A Assistência Nacional aos Tuberculosos não é a única, mas é a principal organização, cuja iniciativa só à Rainha pertence; e suponho que, graças ao impulso e desvelo que Ela sempre lhe dispensou, auxiliada por médicos insignes, nenhuma outra instituição existe comparável em extensão e benefícios.
Cumpriu-se a sua profecia na primeira sessão preparatória a que presidiu em 11 de Junho de 1899: «A causa é tão justa que não pode deixar de ser abençoada por Deus». E, porque Deus a abençoou, não foi em vão que dirigiu «um apelo à generosidade dos que podem, à ciência dos que sabem, à boa vontade de todos», depois de mostrar-se «aflita pelo que via nas casas pobres, nos hospitais que percorria», e ainda pelas misérias de que tomara conhecimento, em «que a tísica aparecia sempre como a nota mais sombria».
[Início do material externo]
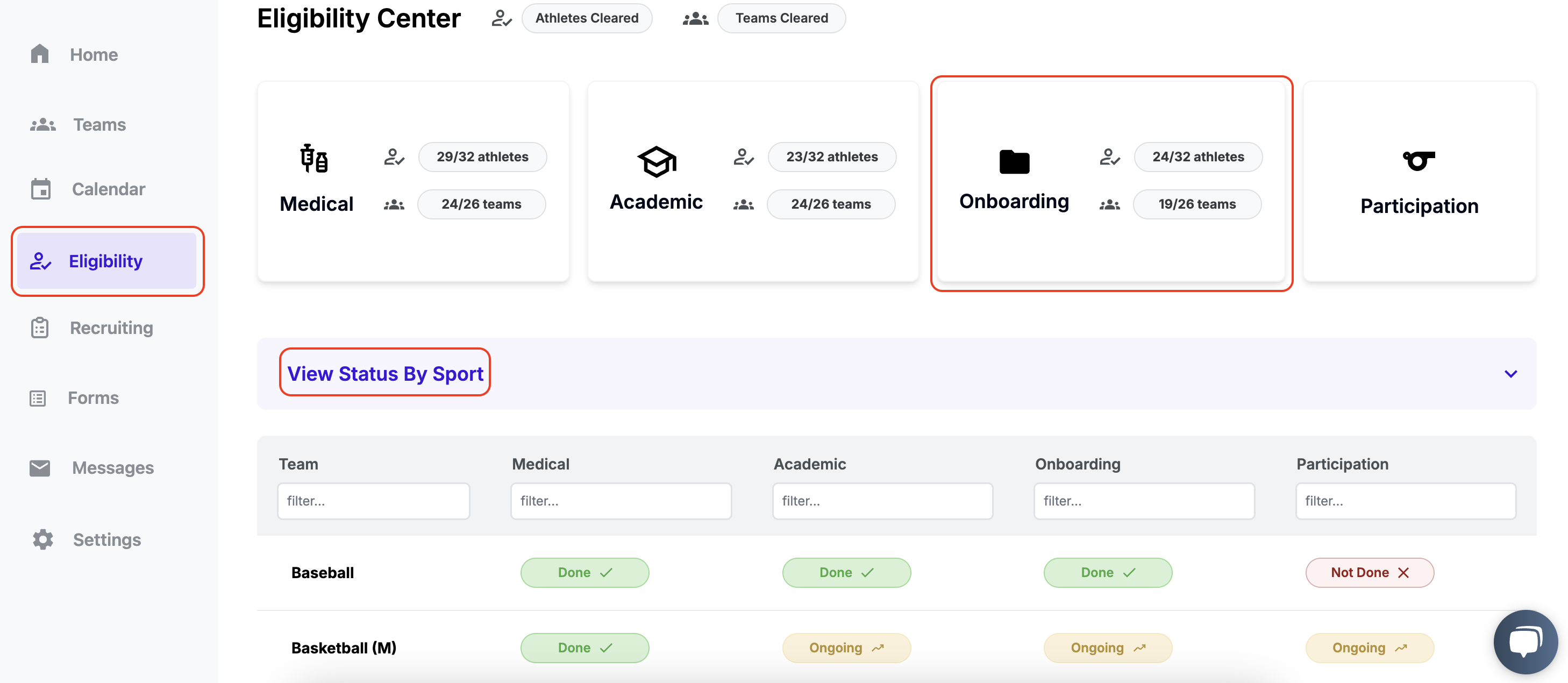 - Coach Visibility: Coaches can see a view-only version of onboarding eligibility for their athletes through their profiles. Learn more about what coaches see in the Student Athlete Profile.
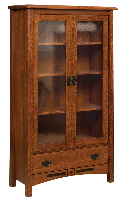 Pictured in quarter sawn white oak with optional antique straw glass.
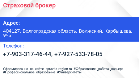 Страховой брокер по адресу 404127, Волгоградская область, Волжский, Карбышева, 95а в дальнейшем Организация, размещена в следующих категориях:

Deve-lhe o País também o Instituto Bacteriológico Câmara Pestana, o Instituto de Socorros a Náufragos, o Instituto Ultramarino, os dispensários de Alcântara, Porto, Bragança e outros, os sanatórios da Guarda, Portalegre, Outão, Carcavelos, etc.
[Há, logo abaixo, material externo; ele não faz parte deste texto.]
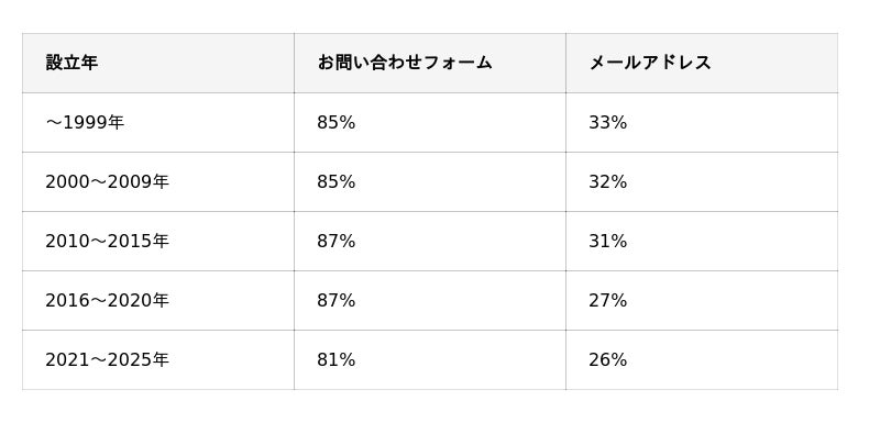 一方、お問い合わせフォームは2021年以降にやや減少していますが、設立年にかかわらず80%以上の高い設置率を維持しています。また、メールアドレスは新しい企業ほど公開率がやや低下する傾向が見られました。
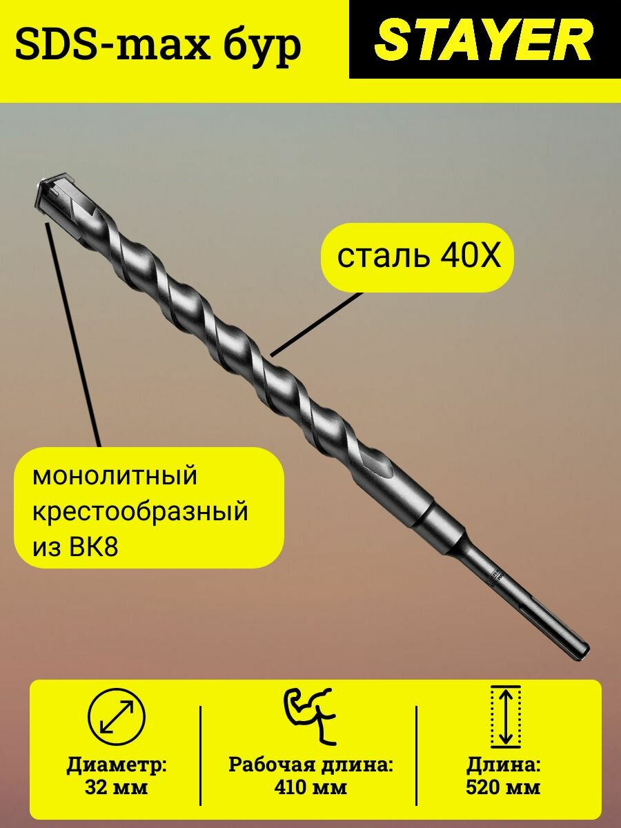 Бур Stayer 29370-410-32 SDS-max 32 x 410/520 мм

Tudo a Rainha fundou ou impulsionou, algumas vezes só a expensas suas. E fê-lo para que a obra perdurasse, e não para nela perpetuar ostensivamente o seu nome, como o testemunham o anonimato, a reserva, a humildade cristã como visitava e socorria o doente no seu catre e a miséria no tugúrio; atendia aos grandes como aos pequenos males, às grandes como às pequenas faltas, a excelsa Senhora que foi nossa Rainha.
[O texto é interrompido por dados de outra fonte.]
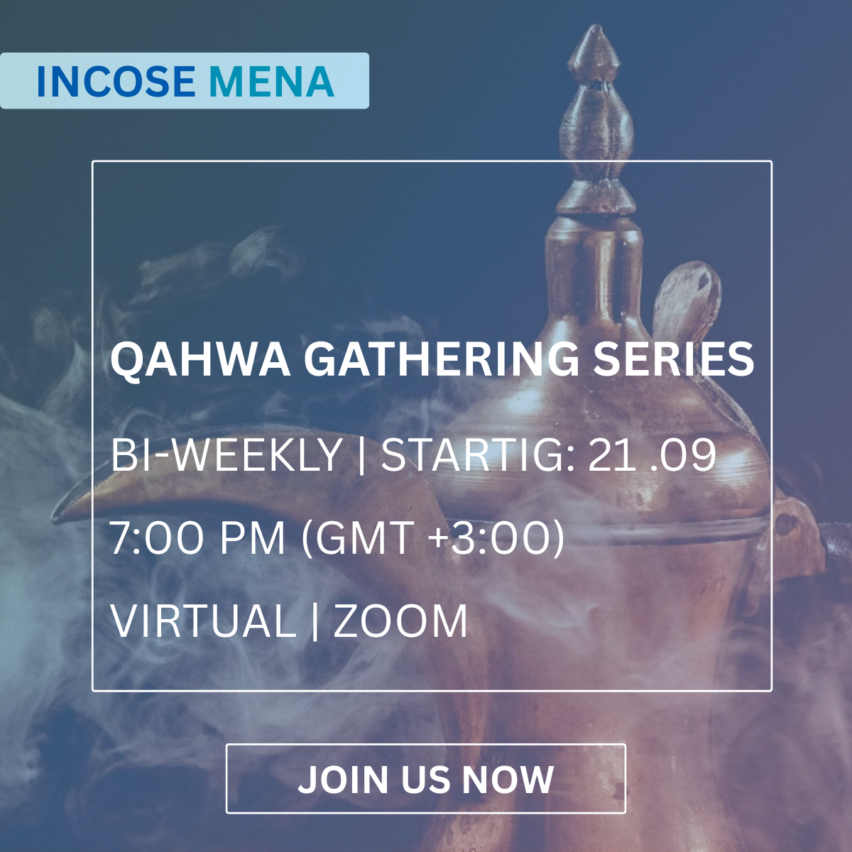 Join our Qahwa Gatherings, a one-hour opportunity to connect, exchange insights, and grow the regional systems engineering community. These informal yet impactful sessions are designed to foster networking and collaboration among professionals in the field.
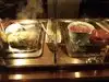 Plenty of standard American fare, well cooked, and very casual. The scene is whimsical, with three stories of tables in various settings. Redwood tree anchors the second floor with Bison and various other Americana. The cafeteria is on the main floor, with a roast section, a grill, a salad bar, a pizza station, and of course plenty of dessert. Easy to feed various tastes, staff is great, facility was darker at night, but everything looked clean. Although it was busy on a Friday night, there were still plenty of hidden tables around the second floor, near the bar. I also noticed plenty of families downstairs on the first floor.
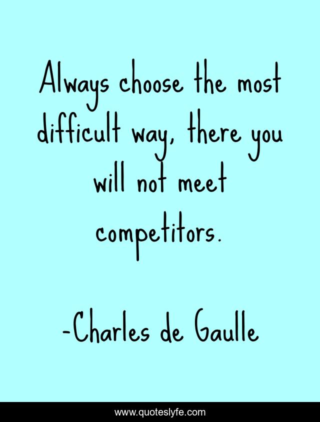 This page presents the quote "Always choose the most difficult way, there you will not meet competitors.". Author of this quote is Charles de Gaulle. This quote is about life-philosophy, education, professionalism,.
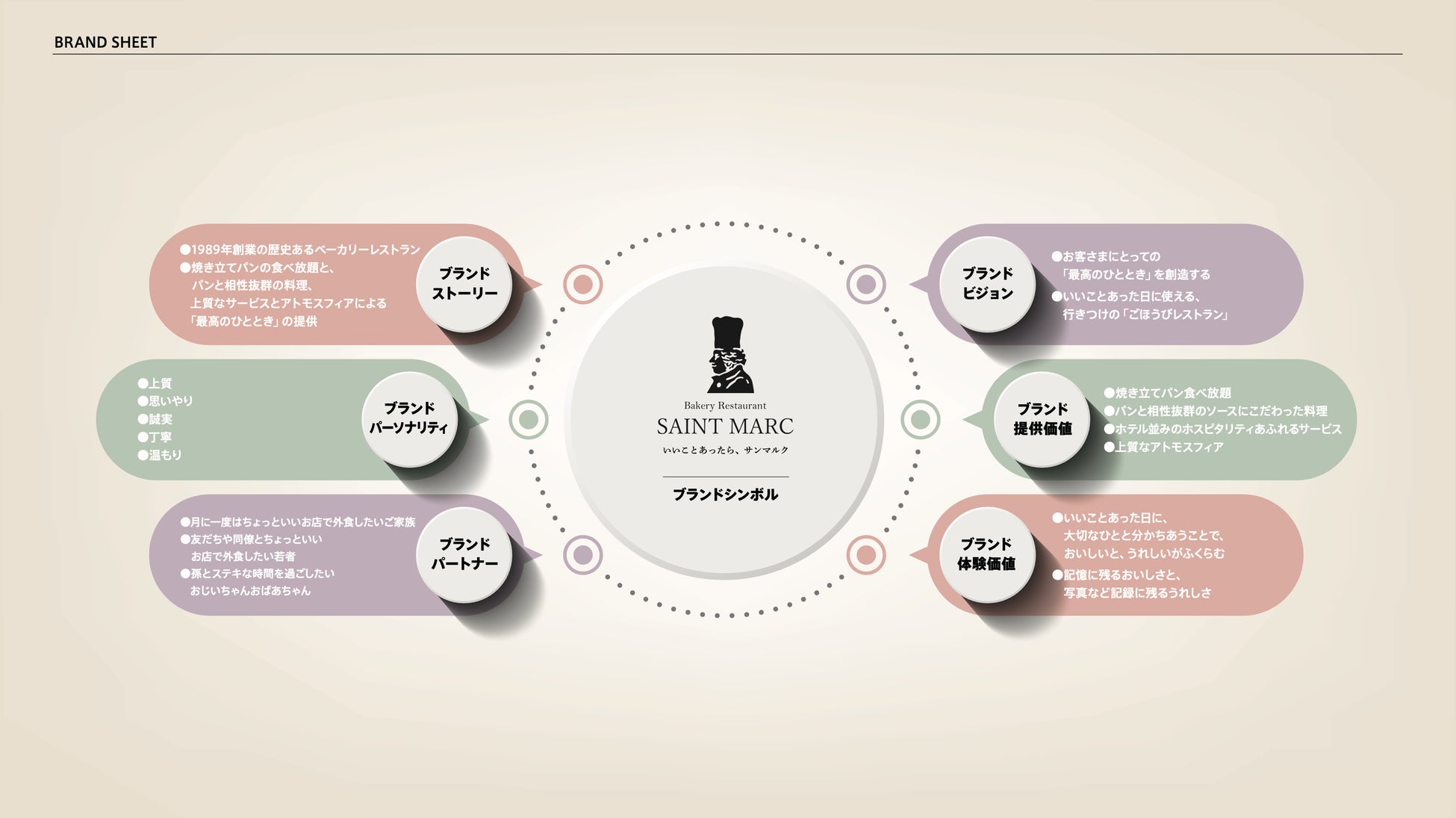 「ベーカリーレストラン サンマルク」のタグライン・ステートメントを記したブランドイメージ。

Assim, criara o Bispo-Conde um bairro para operários pobres, honestos ou transviados, e logo a Rainha foi pronta em auxiliá-lo nos encargos para conseguir que as rendas fossem limitadas; e tão generosamente o fez que D. Manuel de Bastos Pina manifestou a sua gratidão dizendo que «à supremacia de Soberana tão radiante das grandezas da terra sabia juntar a supremacia mais radiante ainda da prática das virtudes do Céu»; e sentiu «não saber escrever» como sua Majestade «sabia fazer o bem», para exprimir as grandes consolações que acabava de dar-lhe com este oferecimento, «numa manifestação de régia munificência tão delicada e espontânea, e que mais que todas sobredourava e esmaltava a Coroa que lhe cingia a fronte, e o prestígio e benquerença que por toda a parte acompanhava as ilustres princesas da Casa de Orléans»:
Ocorre no mar da Póvoa de Varzim a tragédia, ainda hoje lembrada, em que perderam a vida muitas dezenas de pescadores, e logo a Rainha, pressurosa, remete à comissão de socorros, a que minha mãe presidia, avultado óbulo, que avolumou com o produto de uma festa de tal esplendor e arte que, na expressão do conde de Sabugosa, por algumas horas tiveram Lisboa na deslumbrante ressurreição de um torneio francês do século XVII.